Hi,
We have a 3.0 ESX running with 10 VM's. I want to upgrade an application so I want to make a full backup to my local disk in case the upgrade of the application fails. (From two of the 10 VM's.)
What is the fastest way I can move a VM to my local disk? I'm doing it with WinScp now but it's really slow. (Around 2Mbps) Why is it moving so slow?
We currently only have one NIC connected, so for VM's and for Service Console. Will ESX slow my copy down due to this? Will the speed increase when I configure a second NIC for Service Console only?

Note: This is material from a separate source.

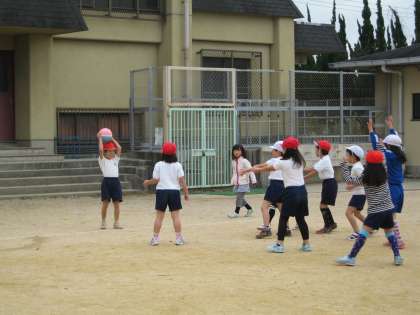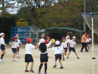 パスゲームを始めて数回になります。1年生はゲームの面白さがわかり,とても楽しみにしています。今日も寒さに負けず,ボールを追って走り回っている子ども達です。

Are there any other tools that can move my VM's faster?
Thanks!
Message was edited by:
TheKingNL
why don't you just create a snapshot before the upgrade of the application, and if the upgrade dosen't work just revert to snapshot?
Hello,
Snapshot are the way to go. You can also have a look at fastSCP. I have downloaded this myself but haven't looked at it yet: http://www.veeam.com/veeam_fast_scp.asp
The speed issue has to do with VMFS and copying files to/from it from other filesystems. This is not a network issue. We also purchased battery backed write cache which helped out a lot.
Hi,
Pls try Veeam .com.. Use this to copy from and to the ESX Server.
why don't you take a snapshot, then make you changes insight your VM, if the changes are acceptable then apply the snap if not you can return back to the original disk.
Regards
As suggested by others, snapshot would be a good option here.
Also, it is cases like this that I like to create a large ext3 partition on the host for temporary storage of .vmdk files. Of course, you could also offload the .vmdk file(s) to a different vmfs volume if you have space elsewhere.
While I agree with everyone else (above), if you want a backup you can also do a:
vmkfstools -i
It's way faster than doing a "cp"
can't he use Converter? That way he can make a copy to the local disk. But I must ask how big are your local disk that you can backup 10 Vms? I use 2 72GB mirrored for local and have at least 4 TB's split into 4 luns for the datastores.
Fast SCP is a great tool, it's miles faster than WinSCP. I use it all the time.